When Network Manager gets more robust and system-wide and we get better native drivers via more folks start adopting drivers to the new wireless stack in the linux kernel that got merged recently, Linux wireless would be much better and that includes Fedora too.
Fedora 7 includes the latest wireless technology support. It have the Devicescape Wifi stack and a bunch of updated drivers.
Fedora 7 is a great GUI and CLI OS once you replace Pirut with Yumex.
Anyway, buying all the codecs from Fluendo will set you back around $38.52.
Wasn’t Fedora 7 just released not that long ago?
Now we see Fedora 8 being developed — and usable!
I think we’ve reached a point where it is no longer necessary to upgrade at every new release that becomes available. Sure, there may be some new features and minor bug fixes (and by minor, I mean negligible bugs that the users might never see or suffer from), but nothing that people actually *need* to use.

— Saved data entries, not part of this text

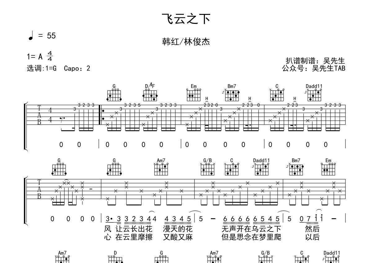 《飞云之下》是韩红\林俊杰演唱的一首歌曲,本吉他谱采用的是G调指法编配,这份吉他谱共有两张高清图谱,图谱由 @吴先生TAB 编配上传,图谱使用六线谱编配,包含吉他和弦指法、简谱以及歌词部分,使用这份飞云之下吉他谱,可以让你更加方便地掌握这首歌曲的弹唱技巧,快来尝试吧。原调A调,选G调指法,变调夹夹2品回原调。前奏、间奏和尾奏都是按照作者个人喜好进行改编的,并没有按照原曲编配,所以或许并不适合追求原版的同学。这首歌最大的难点或许就是男生唱不了林俊杰的key,女生唱不了韩红的key,男生唱不了韩红的key,女生唱不了林俊杰的key。
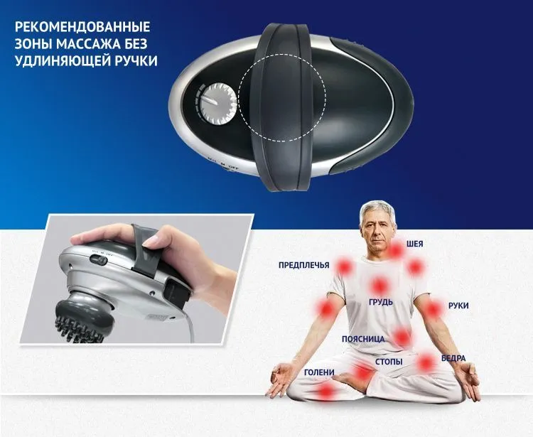 • Регулируемая интенсивность массажа регулятором на корпусе массажера
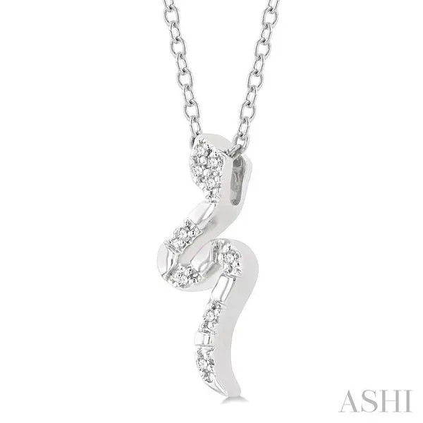 (319) 752-31961/20 Ctw Snake Petite Round Cut Diamond Fashion Pendant With Chain in 10K White Gold
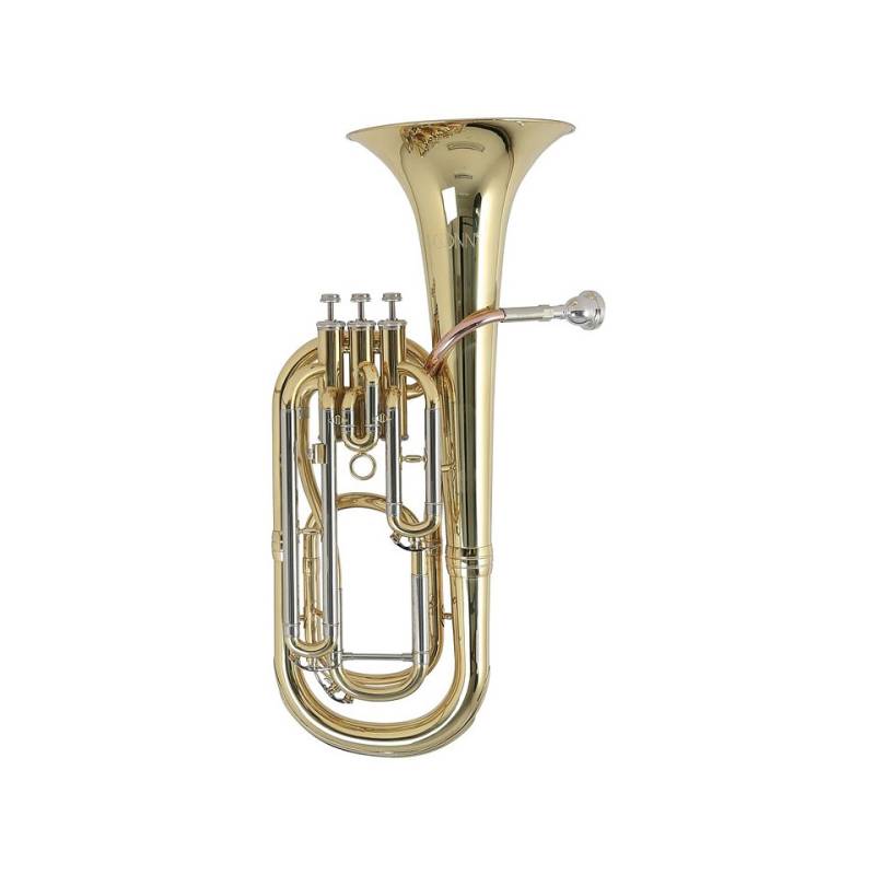 Das Conn BH650 Baritonhorn ist für Einsteiger genauso geeignet wie für Schüler oder als Leihinstrument in Vereinen oder Schulen. Das Baritonhorn verfügt übereine Doppelbohrung und sorgt damit auch im unteren Bereich für ein leichte Ansprache und ein sicheres Spielgefühl. Das Mundrohr ist bei dem BH650 aus Goldmessing und bürgt für eine lange Lebensdauer. Die Edelstahlventile laufen leichtgängig und unterstützen den Musiker auch in dieser Hinsicht. Ein praktisches Conn Leichtetui mit Tragegarnitur sowie ein Vincent Bach 12 C Mundstück runden das stimmige Gesamtpaket ab. · Baritonhorn · Stimmung: Bb · Bohrung: 12,8 - 13,5 mm · Material Korpus: Messing · Oberfläche: Klarlack · Material Mundrohr: Goldmessing · Ventilart: Pumpventile · Anzahl Ventile: 3-ventilig · Material Ventile: Edelstahl · Durchmesser Schallbecher: 211 mm · Mundstück: Original Vincent Bach 12C · Produktionsland: China · Lieferumfang: Baritonhorn, Mundstück, Leichtkoffer · Baritonhorn

On my aging laptop, I don’t have X installed. I’m one of the Emacsites. I read and write email in Emacs, I chat over Emacs. I’m writing this comment in Emacs. Works just fine. I have some other programs that I use, too, but those don’t really require much, and the features are quite stable. And I’m still running a Fedora Core 3 clone*. It works, and really well. My wireless card works, no problems. ‘iwconfig’ such and such and I’m done. For days; my laptop is almost never turned off. To use a loaded phrase, “it just works”.
In fact, stuff *doesn’t* work when you do constant upgrades; you notice the tiny discrepancies.

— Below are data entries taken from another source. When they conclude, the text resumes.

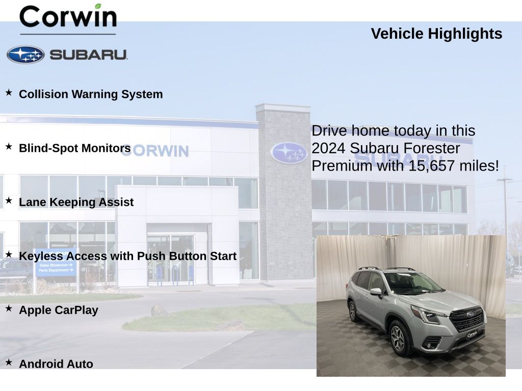 The Forester Premium's stunning Silver exterior is complemented by a wealth of premium features that elevate the driving experience. Enjoy the convenience of Keyless Access with Push Button Start, the connectivity of Apple CarPlay and Android Auto, and the peace of mind provided by the Collision Warning System, Blind-Spot Monitors, and Lane Keeping Assist.
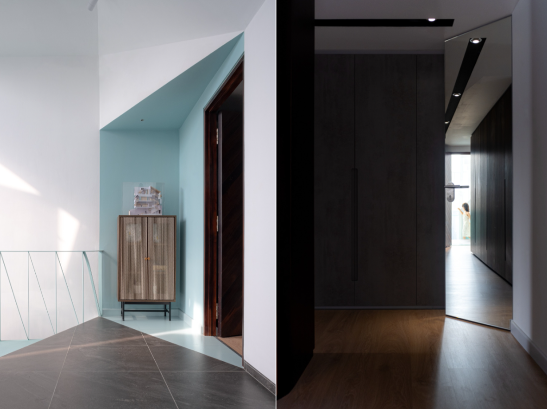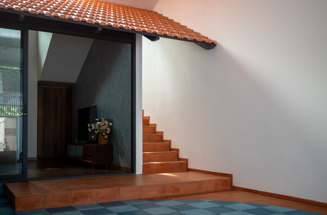 Khác với nhà phố thông thường, tầng trệt sau khi đi qua khoảng sân trước cửa là phòng ngủ nhỏ cửa kính lùa, bên cạnh là cần thang gạch đỏ để đi lên các tầng trên.
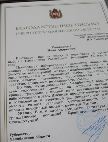Благодарственное письмо губернатора Челябинской области Бориса Дубровского вручено генеральному директору АО «Коелгамрамор» Ивану Чеботарёву, одному из пяти активных участников президентской избирательной кампании из Еткульского района.
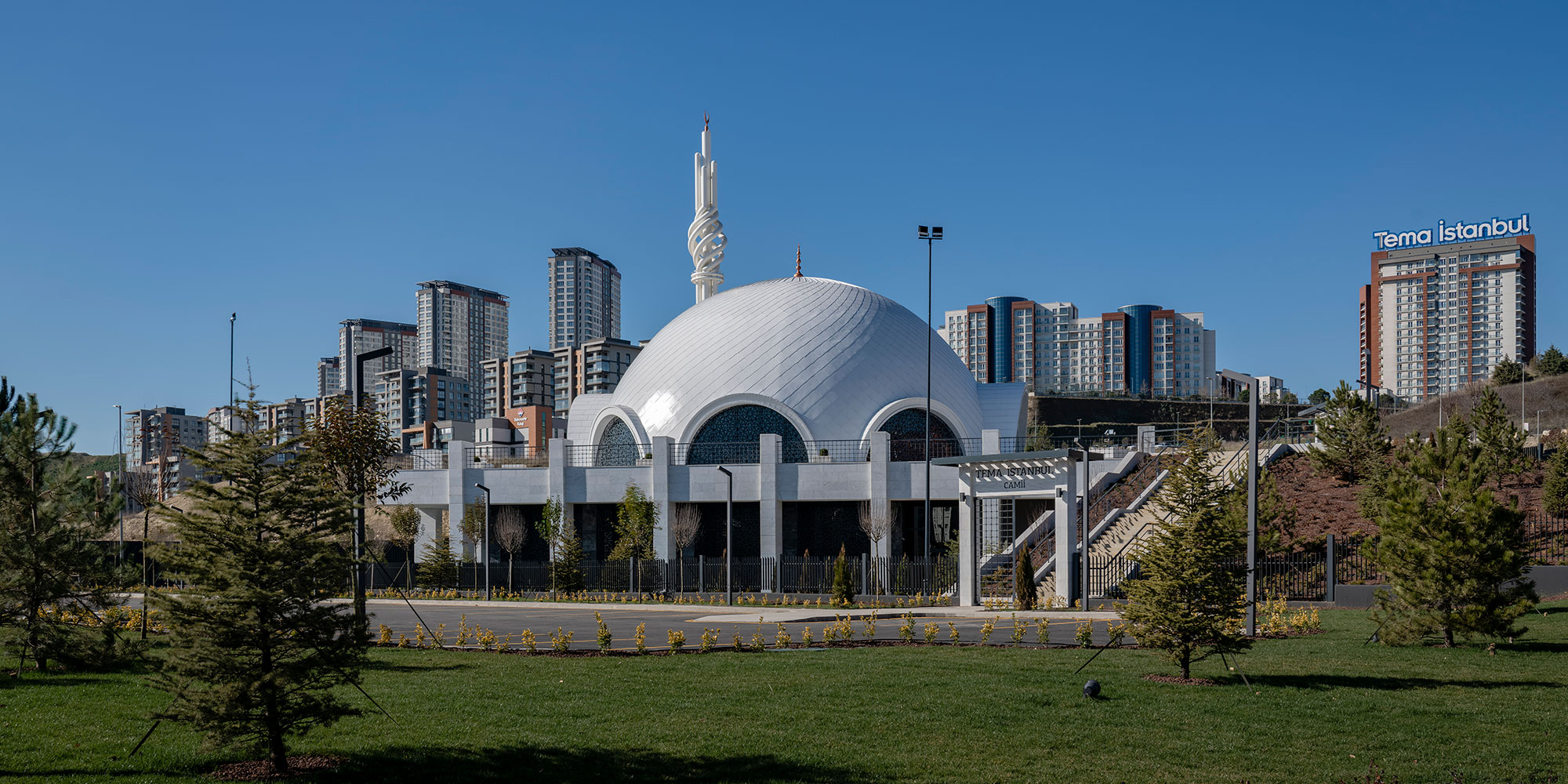 Tema İstanbul konut projesinin yanı başında inşa edilmiştir. Modern bir mimariye sahip caminin ana formunu en etkin camii simgelerinden biri olan kubbe oluşturmuştur. Minarede yer alan sarmal 5 yapı İslam’ın 5 şartını simgelemektedir.

I think the constant flow of new releases like this *might* (not *does*) pervert the minds of those who are less computer-literate. It gives them the wrong impression; their software is never good enough, etc. etc. I think software needs to be more meditated on before it is released, and I think the releases need to be more substantial in what they offer. Fedora does not appear to be doing this. Not many software vendors are doing this; I certainly can’t think of one off the top of my head.
Our software could be a lot better.
* http://blagblagblag.org – There have been newer releases, but I haven’t upgraded.

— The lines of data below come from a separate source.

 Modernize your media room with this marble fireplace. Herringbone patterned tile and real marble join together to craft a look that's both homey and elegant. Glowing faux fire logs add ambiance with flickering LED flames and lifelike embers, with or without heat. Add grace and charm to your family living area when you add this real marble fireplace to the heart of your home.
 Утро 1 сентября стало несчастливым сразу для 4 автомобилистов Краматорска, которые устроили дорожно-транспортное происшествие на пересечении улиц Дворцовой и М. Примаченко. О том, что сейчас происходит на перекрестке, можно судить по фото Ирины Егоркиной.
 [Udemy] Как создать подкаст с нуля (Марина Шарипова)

Browser: Emacs-w3m/1.4.4 w3m/0.5.1
no KDE 4 yet 😉
BTW I never tried fedora, but I see their KDE is barely modified, unlike Kubuntu. Not a smart move, imho, there is a lot of stuff Kubuntu improved…
It depends on what is intended by the distribution.
Ubuntu wants to give you a Ubuntu desktop and not a gnome desktop. Also Kubuntu wants to give you a Kubuntu desktop and not a KDE desktop.
I’m pretty sure core KDE fan prefer the unmodified KDE desktop.
Hmmm, on one hand, you´re right. But some modifications and addons are pretty nice, like the transparant rubberband selection stuff, merged stop-refresh button etc. Point is, KDE 3.5.x development is (almost) fully stopped, yet there are some nice patches out there to improve it. Also, cleaning up konqi by default is a good thing. KDE should’ve used the ‘simple browser’ profile by default, instead of the current, overly complex one.
Of course, that´s not so relevant now, as Fedora is gonna go KDE 4…
If KDE sticks to their current schedule -and- if Fedora’s KDE-sig group valiant efforts are successful, KDE4 will be parallel installable along-side KDE 3.5.x.
Give F8’s (and KDE4’s) time-frame, it is very unlikely that KDE4 will be shipped by default in F8.
… And if it doesn’t, the KDE Packaging Project [1] will already offers KDE4 (beta) packages for all major RHEL/CentOS and Fedora releases.
– Gilboa
well, KDE 4 is on their schedule, last time I heard. I don’t know about their current status, but I guess they can pull it off… It’s a bold move, that’s for sure, but Fedora is known to incorporate the latest technology as to ensure the progress of free software. I applaud them for that.
I started on a RH desktop in 99 and I think I will go back to it when it comes out. I don’t mind paying for software as long as it isn’t the monopoly king.